The Selective Service’s Dirty Little Secret



In 1977, Eric and Greg Hentzel cheated ice cream chain Farrell’s Ice Cream Parlor when they offered free sundaes on birthdays by making up a boy, Johnny Klomberg. In 1984, the Hentzel family received a Selective Services reminder that it was almost time for little Johnny to register for the draft. The problem was, there was no Johnny Klomberg living at that address, or anywhere else. The Hentzel boys’ dad didn't think it was right that a kids' "free ice cream" list should be turned into a Selective Service name harvesting opportunity. At the time, young men were required to register with the Selective Service within 30 days of turning 18, with failure to register punishable by a $250,000 fine or up to 5 years in jail.

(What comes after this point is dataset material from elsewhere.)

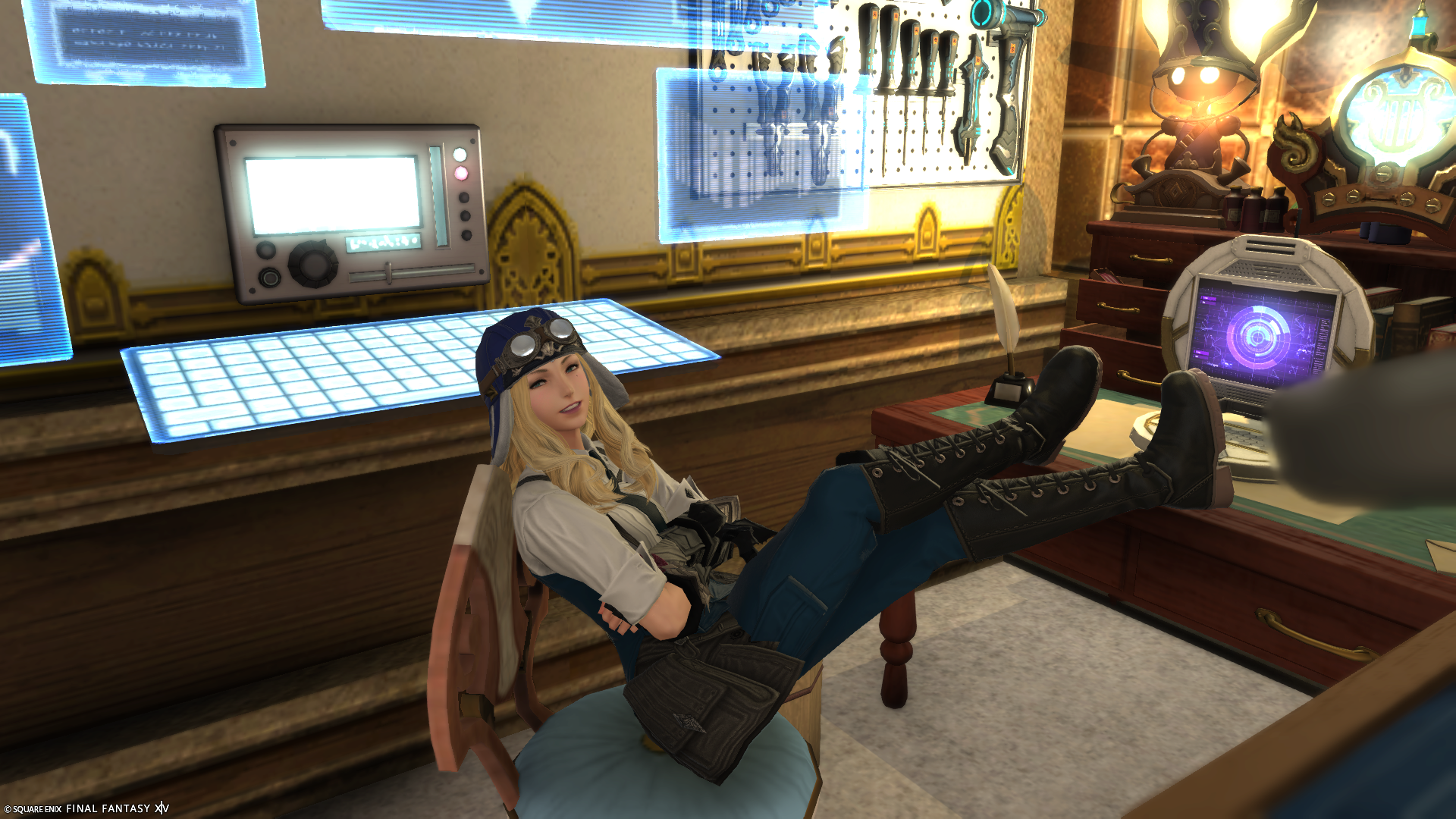 Originally an airship pilot from Garlemald, Carina one day decided that she wasn't appreciated enough in her home, so she took Nataille and enough money to rent a room and left for Eorzea, not really caring who she left behind. After joining the Ironworks and helping out with the Alexander and Omega raid series, she attempted to build a personal airship for herself that could go faster than any made before. Alas, on her first test flight, the airship crashed and she was rendered unable to walk for the better part of 2 years. (The speeder was eventually finished and given to Zeta, as per Carina's request.) Since healing, Carina learned the art of the Machinist so she could have a more direct role in Zeta's various adventures. On her most recent birthday, Zeta took Carina to Solution Nine, where they (and Nataille) became a tag-team of Arcadion fighters. Falling in love with the city, Carina chose to stay for as long as possible, eventually meeting the wayward queen Sphene, and starting a romantic relationship with her.

Selective Service didn't see anything wrong with what they were doing. Nonetheless, news of the ice cream parlor's birthday club mailing list being used to enforce registration struck a number of people as just plain wrong. After public pressure, Selective Service was forced to acknowledge that in 1983 it paid a mailing list broker $5,687 for 167,000 names of other birthday club boys who would be turning 18 that year so that it could remind them to register. Farrell’s was outraged to discover its list had been passed to the government without permission. The list broker, George Mann Associates of New Jersey, acknowledged that it had allowed Selective Service to buy the list without first checking with Farrell's. When this transaction came to light, Selective Service threw out the names it had harvested. The moral of this story is: Be careful what you sign your child up for.